The Chilean historian Cristóbal García Huidobro states that: "the terminology 'Wallmapu' is not a relatively old one, but rather a newer one. It arises, as far as it has been understood, from a revisionist movement, at the beginning of the 1990s (...) they make a re-study and a revisionism of the identity, of the language, as well as of the symbols that would represent the Mapuche people (...) it is not a historical question as such, it does not come from the ancestral culture of the Mapuche people who never perceived their territory as a particularly defined place". The term means "Universe" ancestraly in the Mapuche language.

The Council reinforced the concept of self-determination through a long ideological process led by various intellectuals. In parallel, in late 1989, several groups began land occupations in Lumaco and other areas. In the 1990s, autonomist ideas also permeated some regional prisons.

As Chile transitioned to democracy in urban areas, a political project aimed at the "reconstruction of Wallmapu" emerged in indigenous southern territories. This initiative was ignored by Chilean political elites.

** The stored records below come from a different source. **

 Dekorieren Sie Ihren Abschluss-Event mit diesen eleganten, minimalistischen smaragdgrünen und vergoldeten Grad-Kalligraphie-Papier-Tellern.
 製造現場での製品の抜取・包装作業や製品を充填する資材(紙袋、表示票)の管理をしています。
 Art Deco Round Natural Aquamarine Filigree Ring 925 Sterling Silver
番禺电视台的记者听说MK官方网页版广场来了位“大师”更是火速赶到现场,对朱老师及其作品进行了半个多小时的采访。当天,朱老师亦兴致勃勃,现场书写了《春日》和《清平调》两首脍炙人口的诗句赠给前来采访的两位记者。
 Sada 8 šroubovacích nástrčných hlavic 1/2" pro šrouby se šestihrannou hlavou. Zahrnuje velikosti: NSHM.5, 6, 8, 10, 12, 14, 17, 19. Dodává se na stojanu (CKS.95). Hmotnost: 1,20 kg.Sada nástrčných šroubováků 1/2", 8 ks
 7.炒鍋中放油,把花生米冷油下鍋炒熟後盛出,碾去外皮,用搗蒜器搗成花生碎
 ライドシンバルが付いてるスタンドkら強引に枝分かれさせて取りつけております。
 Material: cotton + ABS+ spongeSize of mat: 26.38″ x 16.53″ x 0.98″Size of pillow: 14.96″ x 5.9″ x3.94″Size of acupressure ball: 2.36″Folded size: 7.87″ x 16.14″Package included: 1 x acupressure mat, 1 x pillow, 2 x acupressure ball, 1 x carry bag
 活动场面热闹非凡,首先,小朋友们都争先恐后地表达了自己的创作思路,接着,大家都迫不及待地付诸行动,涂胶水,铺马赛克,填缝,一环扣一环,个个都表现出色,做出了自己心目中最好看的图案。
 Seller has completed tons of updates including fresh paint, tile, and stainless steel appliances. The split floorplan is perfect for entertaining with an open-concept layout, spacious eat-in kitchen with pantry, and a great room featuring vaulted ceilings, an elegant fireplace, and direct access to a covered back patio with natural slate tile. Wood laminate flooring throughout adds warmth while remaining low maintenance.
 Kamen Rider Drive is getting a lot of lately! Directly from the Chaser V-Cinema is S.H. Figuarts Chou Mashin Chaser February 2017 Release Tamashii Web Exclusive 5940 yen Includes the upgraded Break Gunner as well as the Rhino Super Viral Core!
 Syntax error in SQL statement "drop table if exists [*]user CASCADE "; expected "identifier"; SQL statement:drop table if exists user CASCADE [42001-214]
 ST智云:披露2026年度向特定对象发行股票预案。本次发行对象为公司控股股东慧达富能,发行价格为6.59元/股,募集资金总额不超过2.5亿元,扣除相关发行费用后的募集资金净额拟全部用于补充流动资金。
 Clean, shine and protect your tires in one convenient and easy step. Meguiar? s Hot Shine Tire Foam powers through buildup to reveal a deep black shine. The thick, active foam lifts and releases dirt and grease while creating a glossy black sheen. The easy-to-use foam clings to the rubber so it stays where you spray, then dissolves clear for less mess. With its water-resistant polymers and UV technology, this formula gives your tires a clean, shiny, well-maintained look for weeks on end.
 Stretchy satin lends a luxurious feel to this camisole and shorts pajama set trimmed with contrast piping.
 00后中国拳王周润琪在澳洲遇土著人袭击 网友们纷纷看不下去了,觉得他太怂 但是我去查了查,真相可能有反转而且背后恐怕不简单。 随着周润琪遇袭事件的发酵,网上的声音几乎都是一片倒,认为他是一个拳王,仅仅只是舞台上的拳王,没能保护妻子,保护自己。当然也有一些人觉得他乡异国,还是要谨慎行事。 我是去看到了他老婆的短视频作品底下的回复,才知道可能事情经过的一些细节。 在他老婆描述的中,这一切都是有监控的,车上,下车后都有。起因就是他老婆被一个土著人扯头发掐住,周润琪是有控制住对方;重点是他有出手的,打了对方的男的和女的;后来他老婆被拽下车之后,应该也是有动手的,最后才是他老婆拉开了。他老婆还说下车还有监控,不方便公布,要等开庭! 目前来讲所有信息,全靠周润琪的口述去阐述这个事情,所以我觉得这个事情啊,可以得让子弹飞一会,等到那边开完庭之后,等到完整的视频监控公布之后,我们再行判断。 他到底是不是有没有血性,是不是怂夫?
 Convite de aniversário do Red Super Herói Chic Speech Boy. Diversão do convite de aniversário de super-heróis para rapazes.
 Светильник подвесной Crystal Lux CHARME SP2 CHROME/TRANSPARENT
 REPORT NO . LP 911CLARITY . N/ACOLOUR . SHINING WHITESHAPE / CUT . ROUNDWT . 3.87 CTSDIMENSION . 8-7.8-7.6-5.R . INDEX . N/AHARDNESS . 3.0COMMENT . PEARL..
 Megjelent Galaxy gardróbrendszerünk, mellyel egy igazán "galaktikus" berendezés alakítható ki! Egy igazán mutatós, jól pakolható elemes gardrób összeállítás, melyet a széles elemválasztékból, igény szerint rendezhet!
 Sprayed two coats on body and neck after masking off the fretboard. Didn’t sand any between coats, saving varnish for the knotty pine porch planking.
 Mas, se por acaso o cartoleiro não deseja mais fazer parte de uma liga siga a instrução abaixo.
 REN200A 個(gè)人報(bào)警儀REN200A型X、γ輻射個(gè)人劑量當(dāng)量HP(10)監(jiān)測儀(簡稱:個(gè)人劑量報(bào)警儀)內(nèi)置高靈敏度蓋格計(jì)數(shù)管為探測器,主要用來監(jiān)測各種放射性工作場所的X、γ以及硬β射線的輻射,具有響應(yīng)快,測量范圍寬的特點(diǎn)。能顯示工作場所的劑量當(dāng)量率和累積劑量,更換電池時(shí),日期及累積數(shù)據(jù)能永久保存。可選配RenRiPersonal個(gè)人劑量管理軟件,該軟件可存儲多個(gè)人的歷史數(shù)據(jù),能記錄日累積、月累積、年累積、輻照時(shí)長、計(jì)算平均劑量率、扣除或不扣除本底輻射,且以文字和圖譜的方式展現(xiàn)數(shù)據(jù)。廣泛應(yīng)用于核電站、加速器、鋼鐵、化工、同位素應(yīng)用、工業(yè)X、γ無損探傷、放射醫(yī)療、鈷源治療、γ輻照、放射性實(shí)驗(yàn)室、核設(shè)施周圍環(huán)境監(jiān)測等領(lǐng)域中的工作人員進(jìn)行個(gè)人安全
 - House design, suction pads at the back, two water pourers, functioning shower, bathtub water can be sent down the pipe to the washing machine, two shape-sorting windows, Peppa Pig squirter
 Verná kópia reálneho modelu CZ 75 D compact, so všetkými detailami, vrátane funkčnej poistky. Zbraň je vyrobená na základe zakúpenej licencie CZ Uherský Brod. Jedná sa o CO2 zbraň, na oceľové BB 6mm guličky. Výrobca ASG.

The construction of the Ralco Hydroelectric Plant, which displaced indigenous burial sites, was a breaking point in state-Mapuche relations, contributing to the formation of the Coordinadora Arauco-Malleco (CAM) in 1997 following the burning of three trucks belonging to Forestal Arauco. This event marked the beginning of the violence in the Southern Macrozone of Chile (also known as Araucanía conflict) and a turning point in the development of the Mapuche autonomist political movement. Since then, violence has progressively increased and expanded to the neighboring regions of Biobío and Los Lagos.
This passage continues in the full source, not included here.